Австрийская компания HAWLE, производящая трубопроводную арматуру для питьевого и технического водоснабжения и водоотведения, работает на российском рынке уже более 20 лет. Являясь в своей отрасли законодателем высоких стандартов производства, фирма, к удивлению многих, рискнула построить один из своих арматурных заводов в России, в Липецкой области. И планирует выбиться в лидеры рынка в качественном сегменте. О том, как это сделать и, самое главное, за чей счет, а также о роли импортозамещения и важности конкуренции на рынке корреспонденту «Абирега» рассказал генеральный директор ООО «Хавле Индустриверке» Алексей Кузнецов.
– Алексей Александрович, считается, что компания «Хавле» пришла в Россию на девственно-чистый, никем не освоенный рынок. Так ли это?

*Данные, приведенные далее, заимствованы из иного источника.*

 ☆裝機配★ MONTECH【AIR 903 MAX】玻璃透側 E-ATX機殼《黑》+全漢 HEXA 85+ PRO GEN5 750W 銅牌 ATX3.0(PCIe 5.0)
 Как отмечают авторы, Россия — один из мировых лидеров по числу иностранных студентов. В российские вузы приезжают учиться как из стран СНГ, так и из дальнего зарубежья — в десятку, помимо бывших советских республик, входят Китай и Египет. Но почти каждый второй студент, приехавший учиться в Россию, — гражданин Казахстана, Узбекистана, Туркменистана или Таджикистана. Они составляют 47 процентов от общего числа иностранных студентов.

– Нет, немного не так. Продукция австрийской компании Hawle начала поступать в Россию через дистрибьюторов сразу после развала Советского Союза. В 2005 году компания создала собственную сбытовую организацию, то есть здесь были просто продажи. Но нужно понимать, что компания Hawle – это изначально, корнями, семейная компания. Она из небольшого австрийского города, принадлежит семье Хавле, которая уже третье поколение ее возглавляет. Это совсем другая философия. Для «Хавле» прийти по-настоящему на рынок – это открыть свое производство. Так у нас было в Польше, Чехии. «У нас» – я имею в виду холдинг, объединяющий дочерние предприятия по всему миру. И, в принципе, к 2007 году наши австрийские учредители созрели с решением идти в Россию, и именно в 2007 году мы «прописались» здесь, в Липецкой области. Была организована компания, было подписано инвестиционное соглашение. Потом, в 2008 году, пришел кризис. И только в 2011-м мы возобновили работы и действительно открыли здесь производство. Жалеем ли мы об этом? Нет, не жалеем, хотя сказать, что всё идет гладко, тоже нельзя.

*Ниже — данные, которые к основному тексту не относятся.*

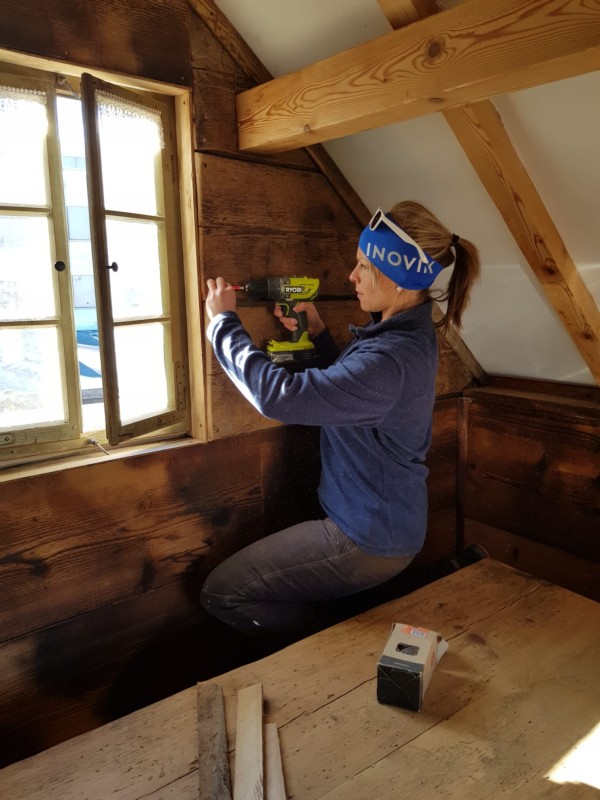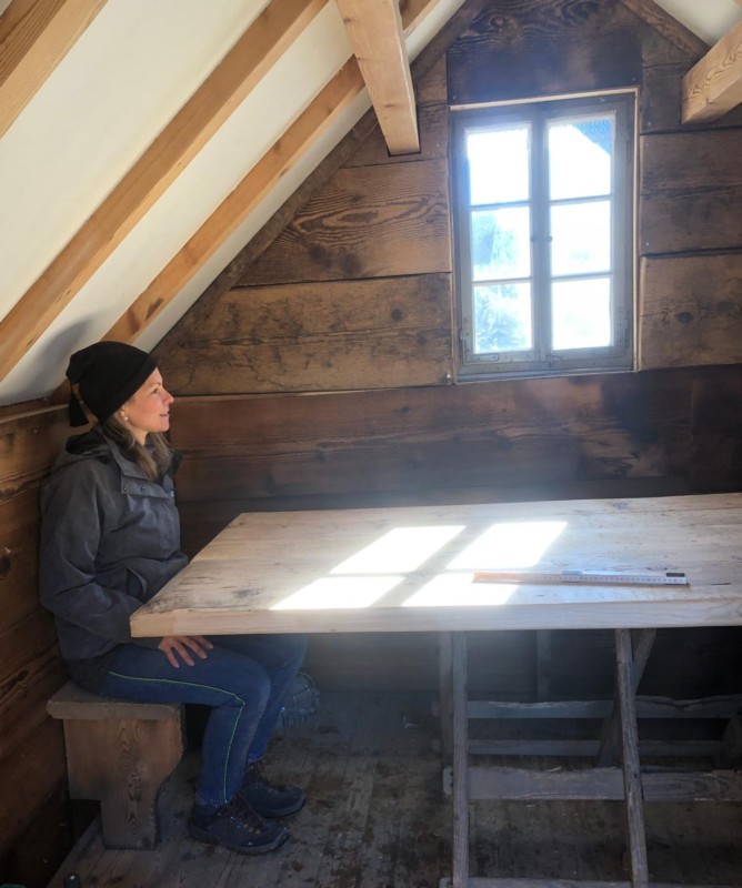 Nun hat sie es mit einigen Mitstreiter:innen ausgebaut. Von der Alphütte haben ein Fenster und eine Eckbank den Weg gefunden nach Oberdiessbach, ausserdem Bretter für die Innenverkleidung im Chaletstil. "Wir wollen etwas von der ursprünglichen Atmosphäre der Alphütte weiterbeleben."

– Но вы пришли на свободный рынок? Или условия все-таки были жесткими?
– Нам пришлось начинать в жестких условиях. Конкуренция всегда здесь была очень серьезная, она и раньше, и сейчас идет по трем направлениям. Во-первых, сохранились советские заводы, которые до сих пор делают водозапорную арматуру. Во-вторых, китайцы. Ну и в-третьих, европейские производители, которые хоть и не открыли здесь свои производства, но продукцию свою сюда активно поставляют. А ведь для потребителя неважно, откуда идет продукция, главное, чтобы она его устраивала по потребительским качествам. Так что ситуация здесь конкурентная, она никогда не была легкой и с каждым годом становится всё тяжелее.

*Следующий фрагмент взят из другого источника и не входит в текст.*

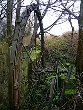 This was a collier's hamlet near the Maich Water. The Loch Riggs Colliery was abandoned in 1808 when the works were flooded. The rich coal seams ran under the loch and were never further exploited. In 1900 the old colliery waste was encountered by the navvies during the construction of the railway between Lochwinnoch and Kilbirnie. A nearby road was locally known as the 'Back-Stair-Heid' and it has been suggested that this refers to the location of a pit ladderway used to carry coal out of the mines before winding engines were in use.[18]

– А почему становится тяжелее?
– Потому что стало меньше возможностей. В 2014 году на рынке просто физически стало меньше денег. Посудите сами. Вроде бы инвестиции в рублях растут. Но если посмотреть отношение евро и доллара к рублю, вы понимаете, что рынок в валюте за последние четыре года стал вдвое меньше. Вспомните: евро стоил 40 рублей, теперь он стоит 75. И если раньше наш клиент мог, грубо говоря, на 1 млн рублей купить 25 тыс. евро, то сейчас – в два раза меньше. То есть физически для всех внешних поставщиков объем рынка уменьшился за последние четыре года. При этом мы не должны забывать, что Еврозона торгует в евро, Китай – в долларах или евро...
– Тем не менее у вас наблюдается положительная динамика по объемам продаж...
– На самом деле я горд этим. Особенно за последние два года. В этом году мы продолжаем рост. Идем вопреки рынку, растем достаточно динамично, и связано это с внутренней структуризацией
отделов продаж в первую очередь. Мы стали более активны, в некоторой мере даже агрессивны на рынке, более заметны, у нас есть производство, а это сегодня очень большой бонус.
– «Импортозамещение» – для вас неприличное слово?
– Импортозамещение для меня лично несло негативный оттенок. Потому что я учился во времена распада Советского Союза, вырос на идеологии свободной торговли. Для меня потребитель всегда в приоритете. Любое ограничение выбора потребителя – это однозначно плохо. Потому что в долгосрочной перспективе это ничего хорошего не принесет. Пример, который мы постоянно забываем, – это Советский Союз, в котором было сделано всё для ограничения потребителя. У нас не было телевизоров нормальных, машин. Точнее, они вроде как были, и очереди за ними формировались гигантские. Но по факту, как только открылись рынки, к нам хлынул поток иностранной продукции, которая была просто несопоставима по уровню качества, другим потребительским свойствам с советской продукцией. Я немножко боюсь, что мы как страна можем опять наступить на эти же грабли. Мне приятнее, когда говорят не об импортозамещении, а о создании возможностей для притока инвестиций с целью открытия новых предприятий в стране. Это, в принципе, тот путь, по которому идут многие страны. Они просто создают условия, чтобы при прочих равных условиях фирмы-учредители выбирали именно их страну, чтобы построить там завод. Так растет экономика, на мой взгляд, быстрее и более эффективно.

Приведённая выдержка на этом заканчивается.